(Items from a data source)
----
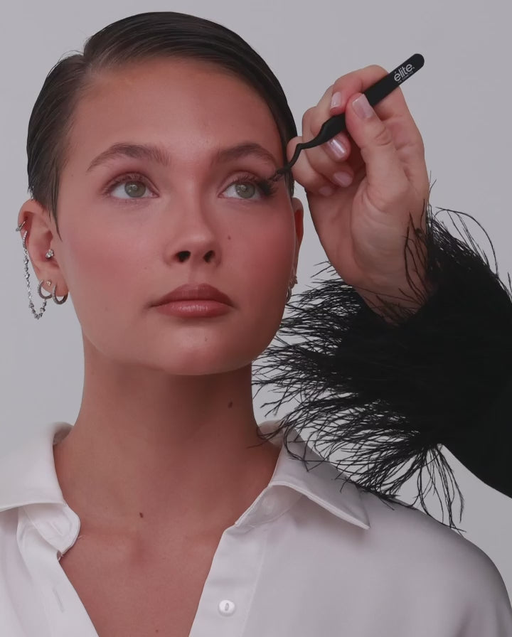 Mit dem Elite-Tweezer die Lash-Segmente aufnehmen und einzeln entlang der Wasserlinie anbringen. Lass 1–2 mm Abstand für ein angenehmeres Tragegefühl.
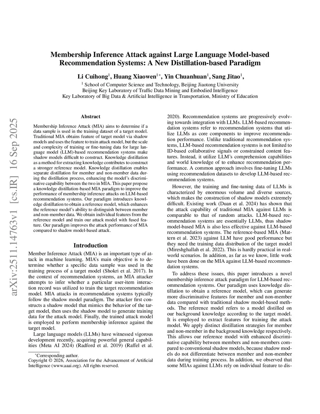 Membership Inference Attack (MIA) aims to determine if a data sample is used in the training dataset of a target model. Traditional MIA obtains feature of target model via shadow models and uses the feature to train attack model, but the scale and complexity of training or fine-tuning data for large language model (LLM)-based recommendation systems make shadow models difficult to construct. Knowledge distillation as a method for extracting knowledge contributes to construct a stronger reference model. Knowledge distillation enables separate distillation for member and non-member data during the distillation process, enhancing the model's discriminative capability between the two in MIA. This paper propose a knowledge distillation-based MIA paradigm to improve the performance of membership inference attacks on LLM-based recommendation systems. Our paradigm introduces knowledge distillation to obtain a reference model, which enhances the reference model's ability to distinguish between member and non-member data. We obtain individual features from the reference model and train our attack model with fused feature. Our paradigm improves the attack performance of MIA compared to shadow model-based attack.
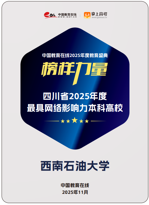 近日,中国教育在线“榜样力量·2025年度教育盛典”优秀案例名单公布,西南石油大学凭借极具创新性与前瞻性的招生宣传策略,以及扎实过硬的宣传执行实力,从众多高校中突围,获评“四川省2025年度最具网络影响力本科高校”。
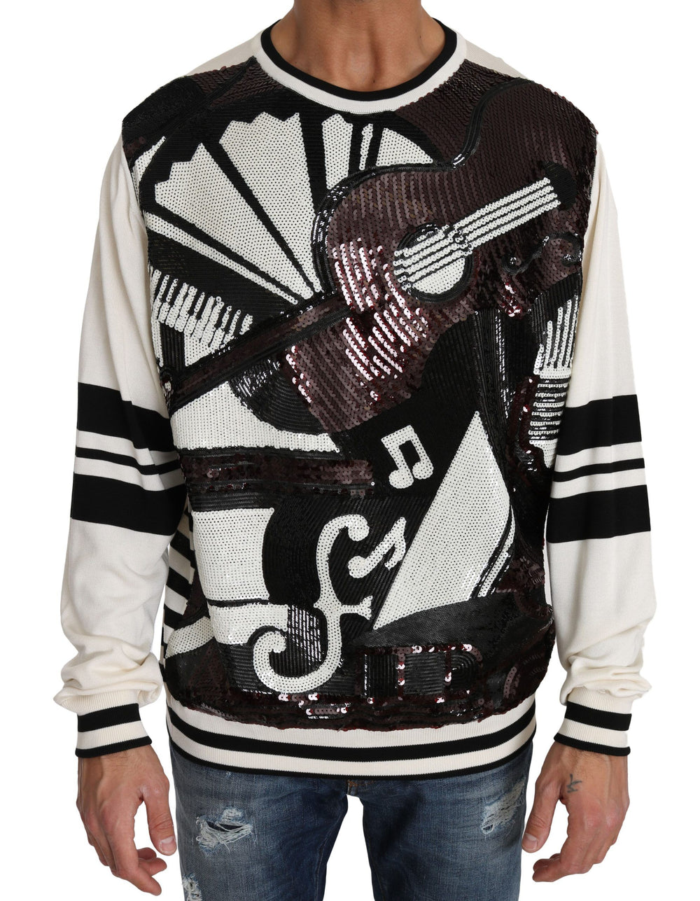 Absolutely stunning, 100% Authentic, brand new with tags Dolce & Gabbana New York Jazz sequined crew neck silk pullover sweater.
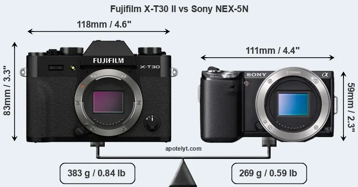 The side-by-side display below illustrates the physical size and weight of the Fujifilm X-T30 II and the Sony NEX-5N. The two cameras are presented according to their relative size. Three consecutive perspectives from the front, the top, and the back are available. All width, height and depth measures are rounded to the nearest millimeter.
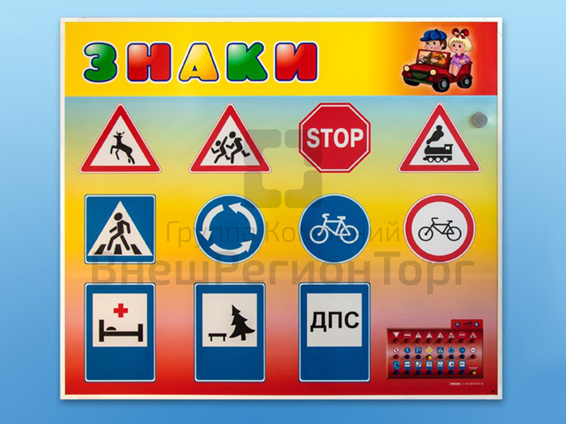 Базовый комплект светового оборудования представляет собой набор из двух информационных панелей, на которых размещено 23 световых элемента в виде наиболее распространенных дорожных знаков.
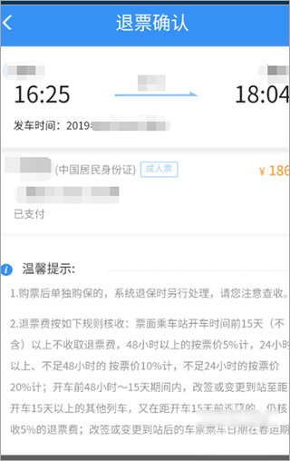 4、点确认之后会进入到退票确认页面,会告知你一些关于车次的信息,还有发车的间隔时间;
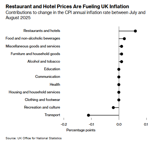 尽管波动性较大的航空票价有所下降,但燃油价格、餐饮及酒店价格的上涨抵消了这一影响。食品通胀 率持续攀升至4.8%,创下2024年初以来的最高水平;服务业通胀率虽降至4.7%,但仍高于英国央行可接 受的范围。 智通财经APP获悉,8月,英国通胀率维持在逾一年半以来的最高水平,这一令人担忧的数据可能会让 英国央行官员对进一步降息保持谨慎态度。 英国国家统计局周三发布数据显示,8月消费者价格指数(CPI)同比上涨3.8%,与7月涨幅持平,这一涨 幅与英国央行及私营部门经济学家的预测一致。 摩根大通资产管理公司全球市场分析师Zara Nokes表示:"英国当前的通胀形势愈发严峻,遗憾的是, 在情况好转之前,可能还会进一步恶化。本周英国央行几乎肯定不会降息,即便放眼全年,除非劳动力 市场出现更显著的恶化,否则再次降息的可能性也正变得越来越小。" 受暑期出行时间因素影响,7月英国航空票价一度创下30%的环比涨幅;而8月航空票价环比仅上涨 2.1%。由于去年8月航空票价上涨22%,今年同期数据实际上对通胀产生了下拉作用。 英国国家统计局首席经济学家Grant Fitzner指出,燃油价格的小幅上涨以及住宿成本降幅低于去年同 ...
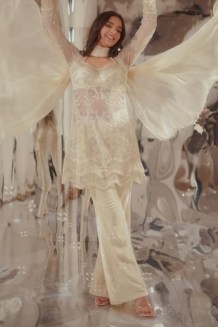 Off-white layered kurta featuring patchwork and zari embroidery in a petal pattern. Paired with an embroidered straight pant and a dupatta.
----
Each line from the one with "4、点确认之后会进入到退票确" to the final line of the data above is to be printed exactly; no picture should appear in the copy.

 4、点确认之后会进入到退票确认页面,会告知你一些关于车次的信息,还有发车的间隔时间;
 尽管波动性较大的航空票价有所下降,但燃油价格、餐饮及酒店价格的上涨抵消了这一影响。食品通胀 率持续攀升至4.8%,创下2024年初以来的最高水平;服务业通胀率虽降至4.7%,但仍高于英国央行可接 受的范围。 智通财经APP获悉,8月,英国通胀率维持在逾一年半以来的最高水平,这一令人担忧的数据可能会让 英国央行官员对进一步降息保持谨慎态度。 英国国家统计局周三发布数据显示,8月消费者价格指数(CPI)同比上涨3.8%,与7月涨幅持平,这一涨 幅与英国央行及私营部门经济学家的预测一致。 摩根大通资产管理公司全球市场分析师Zara Nokes表示:"英国当前的通胀形势愈发严峻,遗憾的是, 在情况好转之前,可能还会进一步恶化。本周英国央行几乎肯定不会降息,即便放眼全年,除非劳动力 市场出现更显著的恶化,否则再次降息的可能性也正变得越来越小。" 受暑期出行时间因素影响,7月英国航空票价一度创下30%的环比涨幅;而8月航空票价环比仅上涨 2.1%。由于去年8月航空票价上涨22%,今年同期数据实际上对通胀产生了下拉作用。 英国国家统计局首席经济学家Grant Fitzner指出,燃油价格的小幅上涨以及住宿成本降幅低于去年同 ...
 Off-white layered kurta featuring patchwork and zari embroidery in a petal pattern. Paired with an embroidered straight pant and a dupatta.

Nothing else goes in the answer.